I know that always $\ker A \subseteq \ker A^2$ hence $\dim\ker A \leq \dim\ker A^2$. But why in a nilpotent case the equality isn't possible?
Thank you a lot for any hints!
Suppose that $\ker A=\ker A^2$. Take $v\in\ker A^3$. Then $A^2.(A.v)=0$, that is, $A.v\in\ker A^2$. But then $A.v\in\ker A$, that is $A^2.v=0$. So $v\in\ker A^2$. For the same reason,$$\ker A=\ker A^2\implies(\forall n\in\mathbb{N}):\ker A=\ker A^n,\tag1$$which is impossible, since $A$ is nilpotent and therefore $\ker A^n$ is the whole space if $n$ is big enough. Unless, of course, $A=0$, in which case of course you have $\ker A=\ker A^2$.

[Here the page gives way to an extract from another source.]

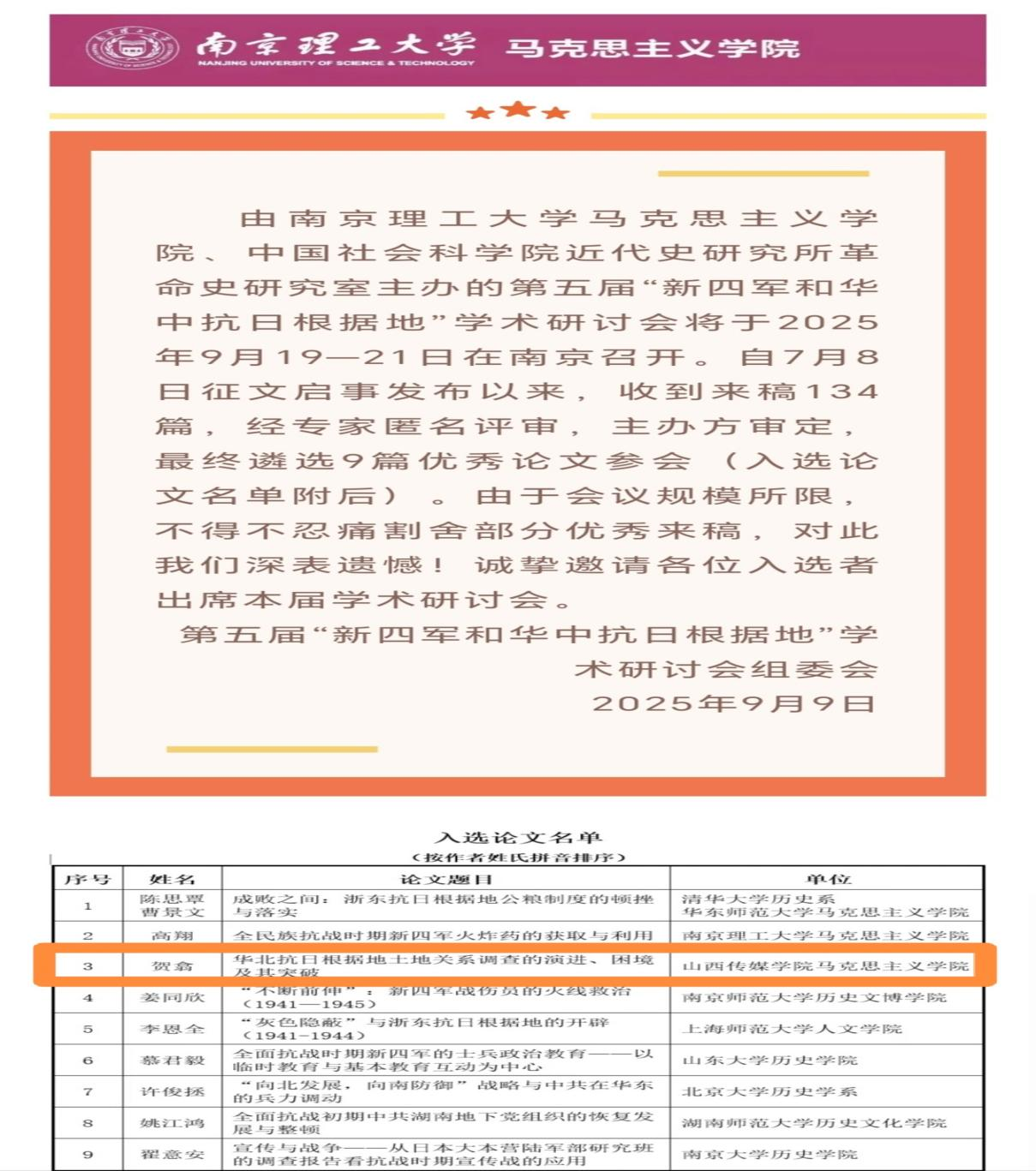 我院教师贺翕提交的论文《华北抗日根据地土地关系调查的演进、困境及其突破》入选研讨会,应邀作会议交流发言。“新四军和华中抗日根据地”学术研讨会已连续举办五届,为全国各地学者搭建了高质量的交流平台,形成了显著的学术品牌效应。随着研究共同体的成熟与壮大,这一系列研讨会必将为深化新四军和华中抗日根据地史研究、弘扬“铁军”精神提供重要的学术支撑。
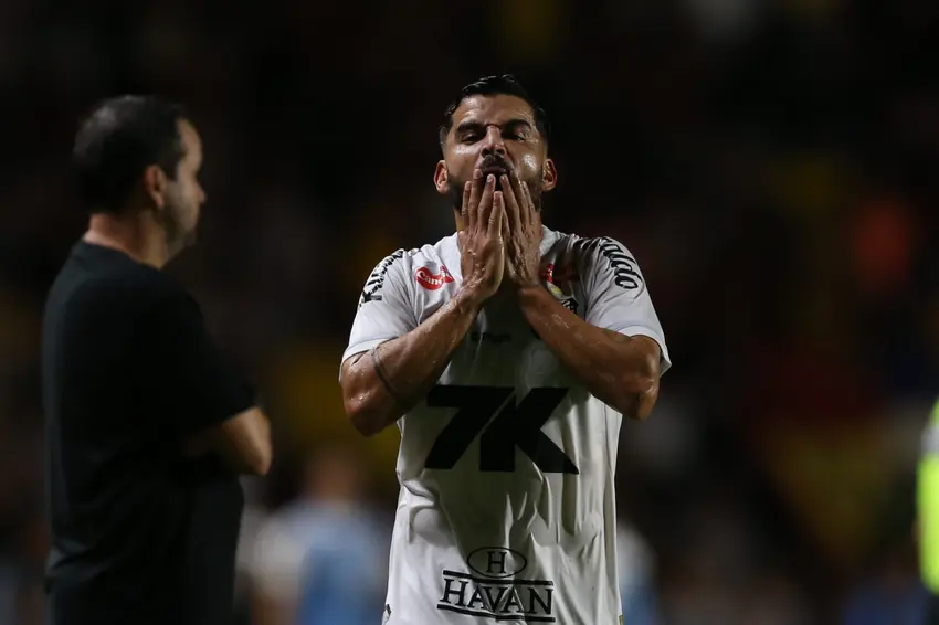 “Confirmo a falta anterior cometida contra o jogador do Santos e, após revisão, aplico o cartão vermelho ao número 8, Tomás Rincón, por conduta violenta. Trata-se de um lance de jogo brusco grave”, declarou o árbitro ao finalizar a análise com o VAR.

Note that the nilpotency of $A$ is only used in the last part of the proof. That is, it is not needed in the proof of $(1)$. More generaly, you always have$$\ker A\subset\ker A^2\subset\ker A^3\subset\cdots$$and if $\ker A^k=\ker A^{k+1}$ for some $k\in\mathbb N$, then$$(\forall n\in\mathbb N):n\geqslant k\implies\ker A^n=\ker A^k,$$by the same argument that I used above.